Please repeat word for word the line containing "L’enfant commence par" and every following line up to and including the last one below, pictures excluded.

## Available data
· · · · · · ·
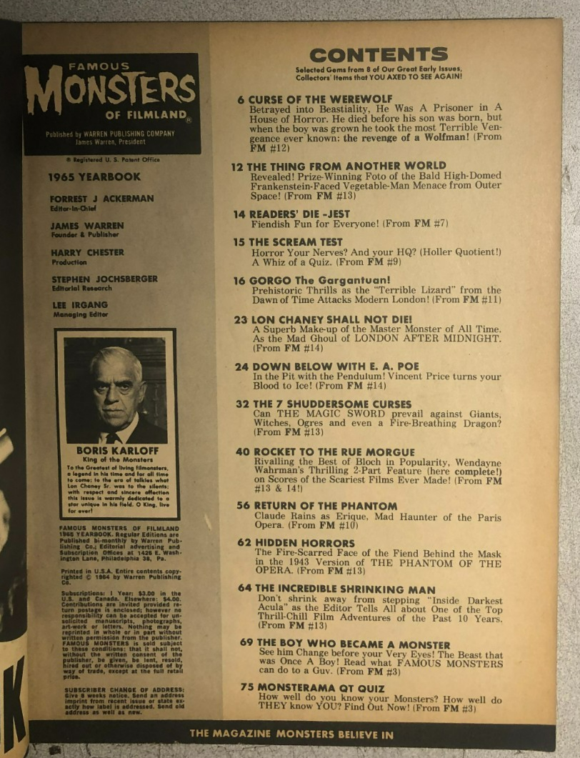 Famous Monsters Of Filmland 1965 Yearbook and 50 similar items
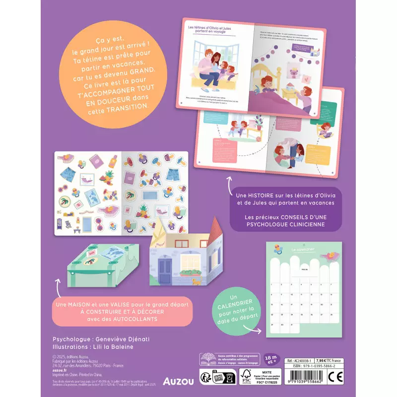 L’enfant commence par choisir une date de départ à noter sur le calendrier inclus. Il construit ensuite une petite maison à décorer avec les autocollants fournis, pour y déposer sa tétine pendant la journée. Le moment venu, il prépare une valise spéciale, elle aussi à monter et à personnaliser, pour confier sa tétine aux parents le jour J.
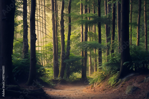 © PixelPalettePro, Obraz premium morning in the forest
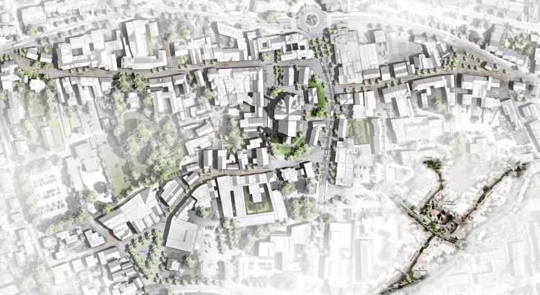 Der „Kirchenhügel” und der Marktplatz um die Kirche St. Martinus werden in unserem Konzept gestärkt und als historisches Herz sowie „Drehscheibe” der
· · · · · · ·
## Exercise output
 L’enfant commence par choisir une date de départ à noter sur le calendrier inclus. Il construit ensuite une petite maison à décorer avec les autocollants fournis, pour y déposer sa tétine pendant la journée. Le moment venu, il prépare une valise spéciale, elle aussi à monter et à personnaliser, pour confier sa tétine aux parents le jour J.
 © PixelPalettePro, Obraz premium morning in the forest
 Der „Kirchenhügel” und der Marktplatz um die Kirche St. Martinus werden in unserem Konzept gestärkt und als historisches Herz sowie „Drehscheibe” der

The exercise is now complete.